De son vrai nom Sylvain
Dah Singbè, il s’est révélé aux Béninois à travers son pseudonyme "Sèwlan
Aziza". Originaire de "Ouémè Hêtin", département de l’Ouémé, il
est le lauréat de l’édition 2016 du Concours national du vainqueur des artistes
du Bénin (Conavab 2016). Rencontré à Houèdo, son lieu de résidence sis dans la
commune d’Abomey-Calavi, l’artiste s’est
confié à nous. Et dans une interview exclusive que nous avons réalisée en
langue "fongbé". Une contrainte liée au niveau d’études modeste de
cet artiste pourtant pétri de talents. De sa vie de galère, ses déboires en
passant par sa jeune et riche carrière artistique, tout est dévoilé. Que de
révélations ! Lisez plutôt.
L’Evénement
Précis : Pourriez-vous nous faire l’historique de
votre nom d’artiste Sèwlan Aziza ?
Sèwlan Aziza : Tout à fait. Je voudrais tout
simplement faire comprendre que ce que Dieu programme sur la vie de chacun, devra s’accomplir. Et personne ne peut le
déprogrammer. Je le dis parce que moi, aucun de mes parents ne sait chanter
pour que je puisse dire que j’ai hérité l’art de chanter d’eux. C’est pourquoi
je me suis dit que chanter pour moi, c’est un don de Dieu. Depuis mon enfance,
je m’amusais à chanter avec mes amis. Mais je ne pourrai pas dire qu’à l’époque
déjà, j’étais un chanteur. C’était un jeu d’enfant et je n’ai jamais imaginé
que je deviendrais un artiste-chanteur connu au plan national. Jusqu’à ce jour,
cela continue de m’étonner et je le prends comme une œuvre divine.
Avez-vous une idée de
l’année à laquelle vous êtes entré pour la première fois en studio en tant
qu’artiste ?
Je suis entré en studio en tant qu’artiste pour la première
fois en 2007. La première chanson que j’avais composée à l’époque était
consacrée aux artistes défunts. Cette chanson
qui était un hommage rendu aux artistes décédés a été inscrite sur mon
tout premier album.
(Il entonne cette
chanson d’hommage empreinte d’émotions et qui fait le point des artistes
décédés dans le temps avant de
poursuivre l’entretien) : C’était un single que j’ai finalement mis sur mon premier
album baptisé "Noumèguinta". Une chanson dédiée aux femmes et qui, en
résumé, renseigne sur le fait que pour avoir l’amour d’une femme, il faut
également savoir mentir.
(Il entonne également
cette chanson très connue des Béninois) : Cette chanson a été composée en 2007
et j’ai lancé l’album en 2008. Il y avait six chansons sur cet album.
Sur ce morceau
précisément, vous avez fait l’apologie du mensonge pour conquérir le cœur de la
femme. Est-ce un vécu personnel ou juste une inspiration ?
(Il éclate de rire et
redevient serein après environ cinq minutes) : Non, pas tout à fait. Moi-même, ça
m’étonne que j’aie des inspirations comme celles-là. Car, mes chansons portent
sur des sujets qui ne nécessitent plus beaucoup d’explications. Etant donné
qu’il s’agit des faits de société vécus par chacun de nous. Cette chanson par
exemple , est une vérité que nous vivons tous les jours. Pour courtiser et
avoir l’amour d’une femme aujourd’hui, tout le monde sait qu’il faut mentir un
peu. Sinon, les femmes ne se sentent pas accrochées. Qu’elles m’en excusent.

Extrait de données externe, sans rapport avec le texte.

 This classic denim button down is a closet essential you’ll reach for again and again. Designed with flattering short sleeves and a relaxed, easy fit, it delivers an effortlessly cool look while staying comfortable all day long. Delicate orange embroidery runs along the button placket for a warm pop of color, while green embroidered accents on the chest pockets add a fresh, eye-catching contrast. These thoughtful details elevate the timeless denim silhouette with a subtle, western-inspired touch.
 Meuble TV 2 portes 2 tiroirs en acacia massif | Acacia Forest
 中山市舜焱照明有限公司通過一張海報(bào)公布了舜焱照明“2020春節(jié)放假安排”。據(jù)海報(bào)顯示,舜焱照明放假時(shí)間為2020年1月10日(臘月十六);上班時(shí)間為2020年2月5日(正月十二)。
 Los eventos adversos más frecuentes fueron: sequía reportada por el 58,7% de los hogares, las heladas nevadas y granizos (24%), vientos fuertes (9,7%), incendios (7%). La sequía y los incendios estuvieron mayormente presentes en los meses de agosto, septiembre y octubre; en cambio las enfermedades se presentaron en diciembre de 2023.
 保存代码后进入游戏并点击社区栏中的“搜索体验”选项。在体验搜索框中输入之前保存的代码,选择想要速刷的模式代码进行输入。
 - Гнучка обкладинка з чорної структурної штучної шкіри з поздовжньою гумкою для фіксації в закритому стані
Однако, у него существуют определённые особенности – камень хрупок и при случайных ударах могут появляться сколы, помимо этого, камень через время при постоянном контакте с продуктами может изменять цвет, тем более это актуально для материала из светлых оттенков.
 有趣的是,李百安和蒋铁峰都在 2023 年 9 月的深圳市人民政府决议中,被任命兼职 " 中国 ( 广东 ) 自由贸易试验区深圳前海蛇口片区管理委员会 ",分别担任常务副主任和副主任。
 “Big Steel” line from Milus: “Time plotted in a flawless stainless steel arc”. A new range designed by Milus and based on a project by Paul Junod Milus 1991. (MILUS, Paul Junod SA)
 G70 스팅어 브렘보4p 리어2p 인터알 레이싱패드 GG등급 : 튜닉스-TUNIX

Figurez-vous que je suis un ferrailleur de formation. C’était mon métier
principal. Etes-vous sûr qu’une femme que je courtise, au même moment qu’un
fonctionnaire bien à l’aise, peut m’accepter au détriment de l’autre ? Il
a fallu qu’à l’époque, je fasse un peu le "noumèguinta" comme le dit
la chanson pour qu’elle m’accepte. Sans
cette dose de "mensonge charmeur", elle allait sans réfléchir,
choisir le fonctionnaire. C’est en réfléchissant à cette expérience personnelle
et les vécus quotidiens dans la société que j’ai eu cette inspiration.
Quelles ont été les
retombées de l’album
"Noumèguinta" que vous avez lancé en 2008 ?
Je pus vous garantir que la seule chose que j’ai gagnée dans
cet album, c’est ma promotion. Grâce à
cet album, j’ai été révélé au public et les Béninois m’ont découvert et adopté.
A part ça, rien d’autre.
Voulez-vous dire que
cet album très connu des Béninois n’est pas bien vendu ?
(Il baisse la tête un
moment, devient pensif, respire profondément et répond) : Je vous avoue que j’ai le pincement
au cœur quand je me rappelle encore les déboires que j’ai connus sur cet album.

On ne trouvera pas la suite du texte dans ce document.